Nostalgia has become a buzz word in music circles these days, many artists designing their whole aesthetic around the good old days, yet few artists can produce something as sleek and pleasurable as Real Estate’s Days.  The clean melodies and vocals make every track a pleasure and great music for the background or foreground on any warm, joyful day.  Days will take you back to the days in ’89 when you listened to John Lennon on the radio while driving past the cookie cutter tract houses pictured on the album’s 1966 photograph cover, even if you weren’t alive back then.

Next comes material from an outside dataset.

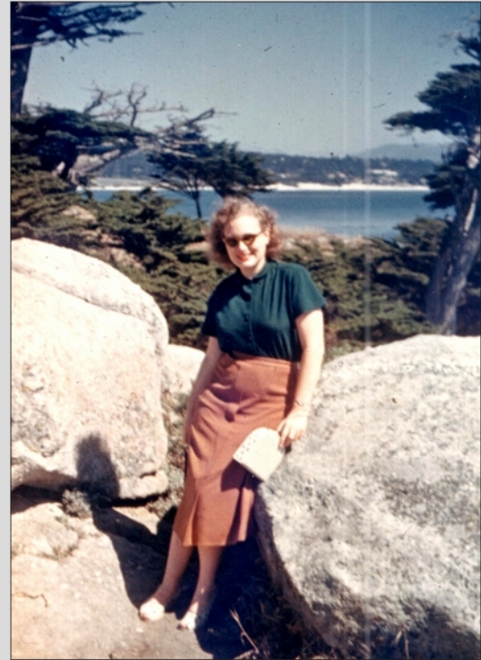
Monterey Peninsula, 1950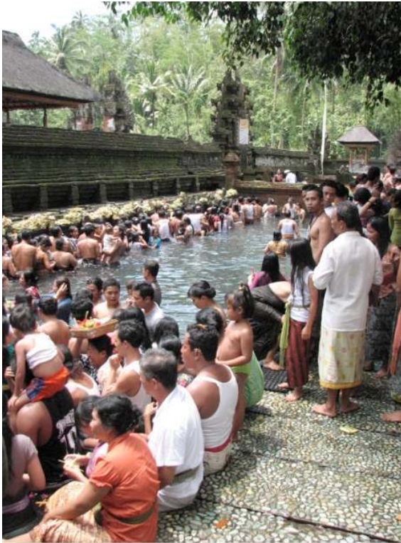
Illustration 3. Purification ritual ceremony for the Full Moon celebration, at Pura Tampak Siring

The links to the past are not only through the language of nostalgia or the cover image.  “It’s Real” is lyrically scaled back, with only about ten lines, yet one of them references walking upon “decomposing leaves.”  This is almost unarguably a reference to the ’89 Galaxie 500 song “Decomposing Trees,” which also features minimal lines and simple melodies.  The big difference between Real Estate and the bulk of dream pop bands is their unstoppable cheerfulness and smoothness of melody.

The only criticism to which this album lends itself is also its strength.  The songs are all very simple and unified.  This simplicity and regularity is central to the album’s aesthetic, yet it also means that there are few moments where the tracks—which are all very good—transcend to be something a bit more.  While every moment is very good, few are mind-blowingly fantastic.  This is not altogether bad though, as anything “too good” would bring down the rest of the songs on this album.  Real Estate are not trying to create the amazing album, they are just trying to remind us of the days, the wonder years, when things were easy and real.

Perhaps the heart of the album is expressed in “Younger than Yesterday,” which claims “when it takes all summer long/just to write one simple song/there’s too much to focus on/clearly there is something wrong.”  The lyrics may seem melancholy, but the sleek sound of the song, which does not have too much to focus on, reveals this to be more of an expressing of longing than melancholy.  Real Estate wants to take the listener back in time to a place of simplicity and joy, and it takes about three seconds for the listener to recognize intuitively after picking up the album.

WPGU Music Staff Rating: W-P-G

Key Tracks: “It’s Real” “Municipality” and “Wonder Years”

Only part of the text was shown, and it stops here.